Retrospective conversion – some tips
Now that the retrospective cataloging project I’ve been working on full-time for the last three years has come to an end (yay!), I think some pieces of advice that have accumulated over time are worth sharing. Selection and workflow for recon projects depend on the context of each individual library, but there are some general guidelines too.
- Outsource, bring in external catalogers or make do with the staff time you have, or a combination of these options? Progress, quality, costs, timeframe?
- In case the project is fixed-term, what parts of the collection are most important and should absolutely be cataloged within the timeframe?
- If possible, weed before starting the recon project, because there will be less to catalog and some old material may not be needed anymore anyway.
- Do you want descriptive cataloging only or also subject cataloging? If thorough subject analysis and adding subject headings is too time-consuming, consider having the recon catalogers apply a (simple) classification scheme.

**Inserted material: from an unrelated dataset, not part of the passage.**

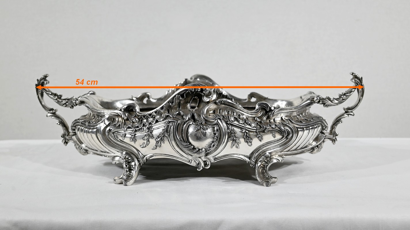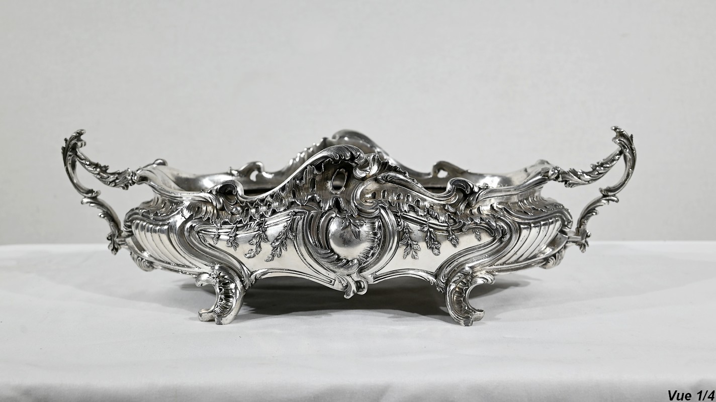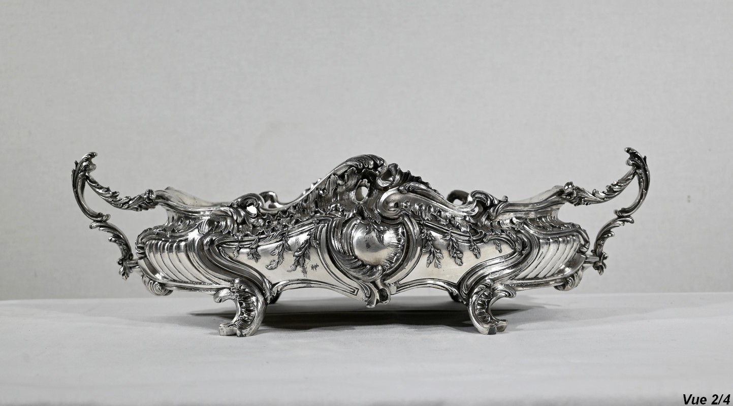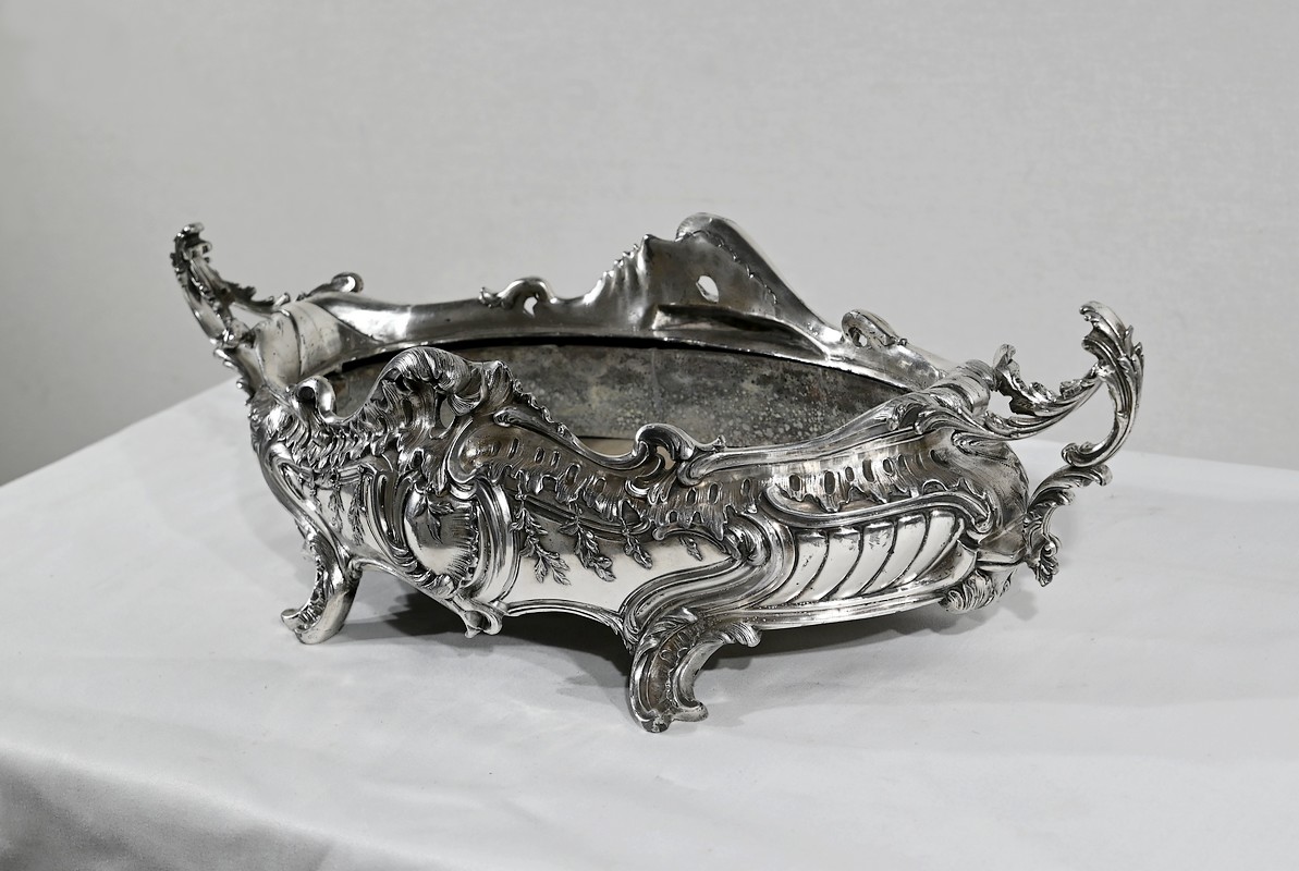 Jardinière ovale, en bronze argenté, de style Louis XV. Le corps, orné sur les parties pansues de coquilles centrales, est entièrement ciselé de rocaille, de rinceaux et de branches fleuries.

- Should the catalogers work from cards only or should they examine every book? Assess the quality of your cards; you might want to remove added entries beforehand to speed the cataloging when only working with main entries. Consider the benefits of the “examine every book” approach – it could serve as a revision of the collection, items whose condition is bad could be restored, duplicate call numbers or other errors could be removed, too many spare items could be discarded etc. Also think about transportation – can catalogers fetch the books from the stacks themselves or is there remote storage (even if that only means stacks in the basement)?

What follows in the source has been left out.